··· MATERIAL PROVIDED ···

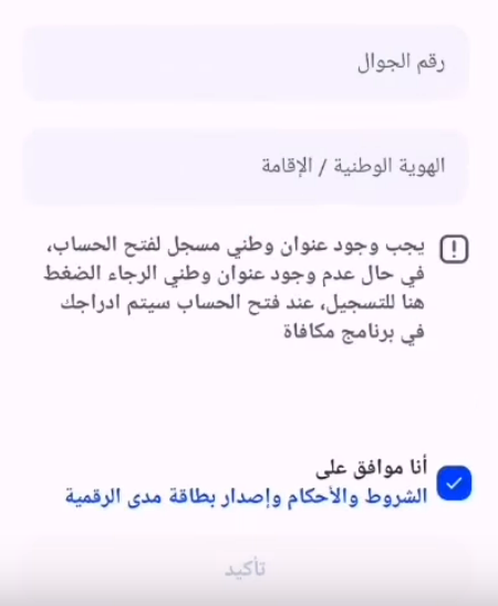 - اضغط موافق على الشروط بعد الاطلاع عليها.
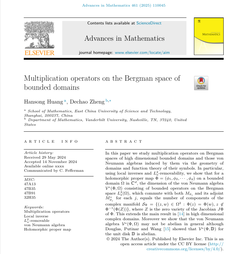 近日,数学学院黄寒松教授与美国范德堡大学郑德超教授在多重复变函数与算子代数交叉领域取得重要研究进展,其合作论文《Multiplication operators on the Bergman space of bounded domains》发表于数学领域知名期刊Advances in Mathematics(2025年第461卷)。该期刊为综合性数学权威刊物,致力于发表具有深刻理论价值与广泛影响力的原创成果。
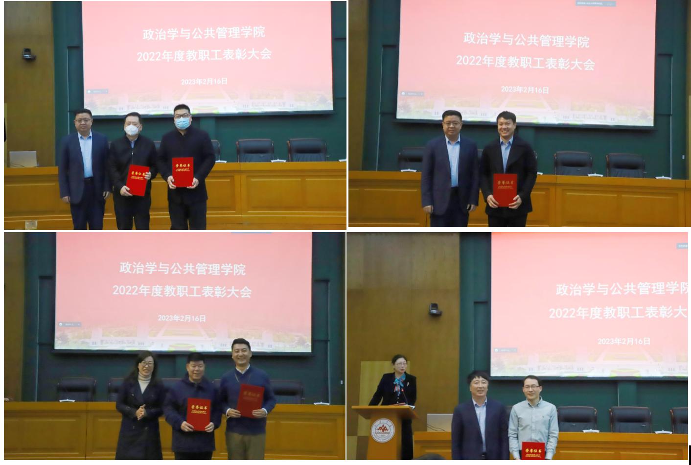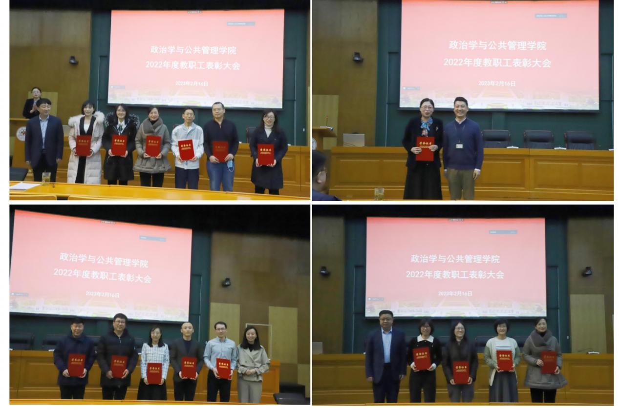 荣誉体系。大会依次颁发了教职工荣誉体系中的优秀共产党员奖、优秀党务工作者奖、优秀教师奖、先进教育工作者奖、科研突出贡献奖、MPA最受欢迎教师奖、MPA最佳教务工作者奖、文体活动突出表现奖及先进基层党组织奖。
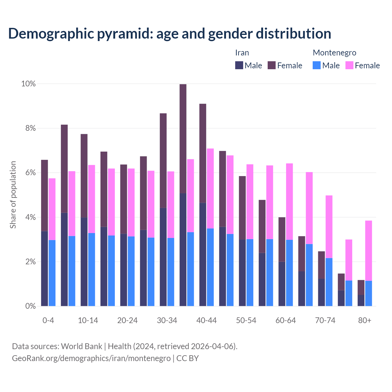 Demographics of Iran compared to Montenegro:
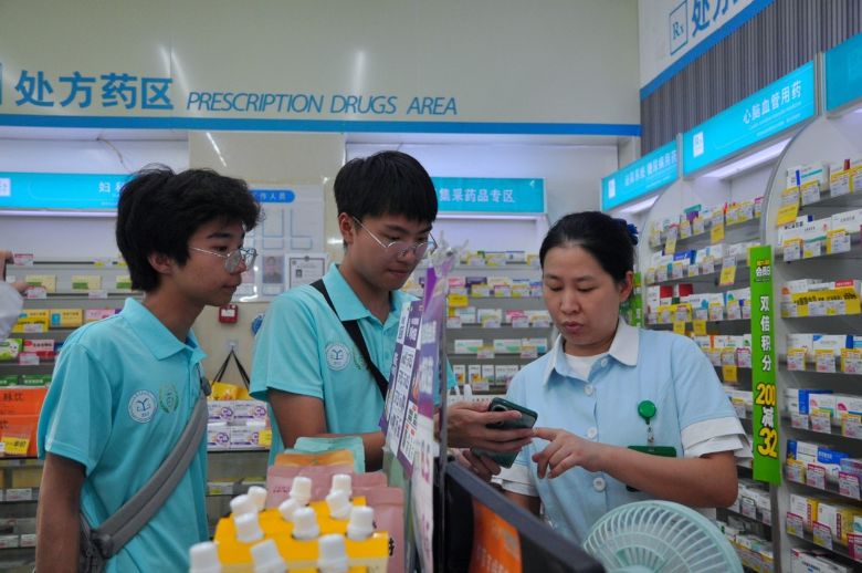 ▲图为实践队员在给药店工作人员宣传普通话 张阳摄
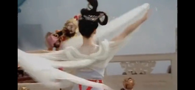 说罢,起身行至殿中,弯腰,舒展,轻薄的纱缓缓沿着手臂滑落。在琵琶的珠玉之声中翩翩起舞
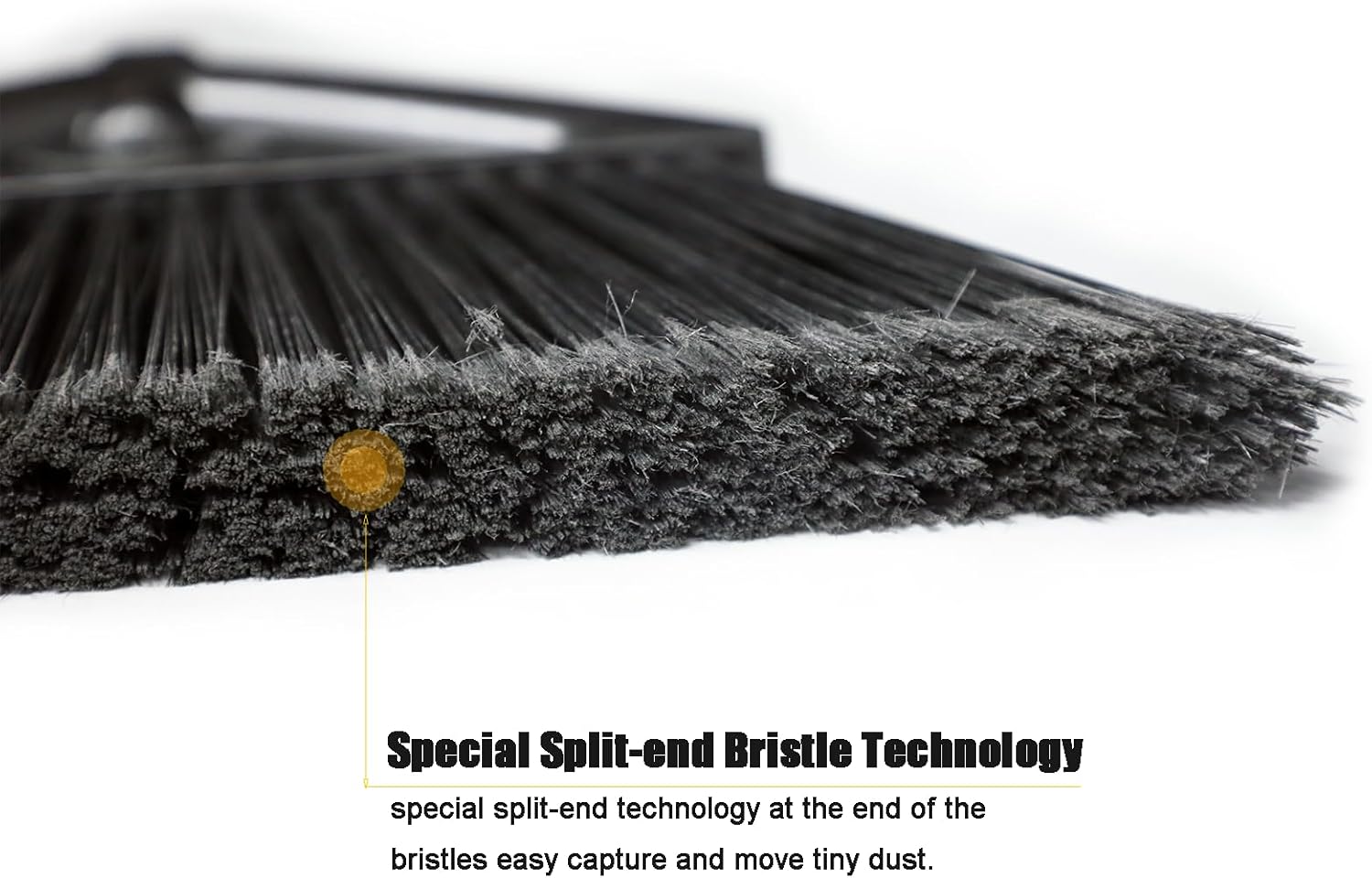 • Split-End Bristle Technology: Our heavy-duty broom features firm bristles with a special split-end design that easily captures and moves tiny dust particles

···

EXERCISE INSTRUCTIONS:
Omitting the images, transcribe every record exactly.

THE COMPLETED TASK:
 - اضغط موافق على الشروط بعد الاطلاع عليها.
 近日,数学学院黄寒松教授与美国范德堡大学郑德超教授在多重复变函数与算子代数交叉领域取得重要研究进展,其合作论文《Multiplication operators on the Bergman space of bounded domains》发表于数学领域知名期刊Advances in Mathematics(2025年第461卷)。该期刊为综合性数学权威刊物,致力于发表具有深刻理论价值与广泛影响力的原创成果。
 荣誉体系。大会依次颁发了教职工荣誉体系中的优秀共产党员奖、优秀党务工作者奖、优秀教师奖、先进教育工作者奖、科研突出贡献奖、MPA最受欢迎教师奖、MPA最佳教务工作者奖、文体活动突出表现奖及先进基层党组织奖。
 Demographics of Iran compared to Montenegro:
 ▲图为实践队员在给药店工作人员宣传普通话 张阳摄
 说罢,起身行至殿中,弯腰,舒展,轻薄的纱缓缓沿着手臂滑落。在琵琶的珠玉之声中翩翩起舞
 • Split-End Bristle Technology: Our heavy-duty broom features firm bristles with a special split-end design that easily captures and moves tiny dust particles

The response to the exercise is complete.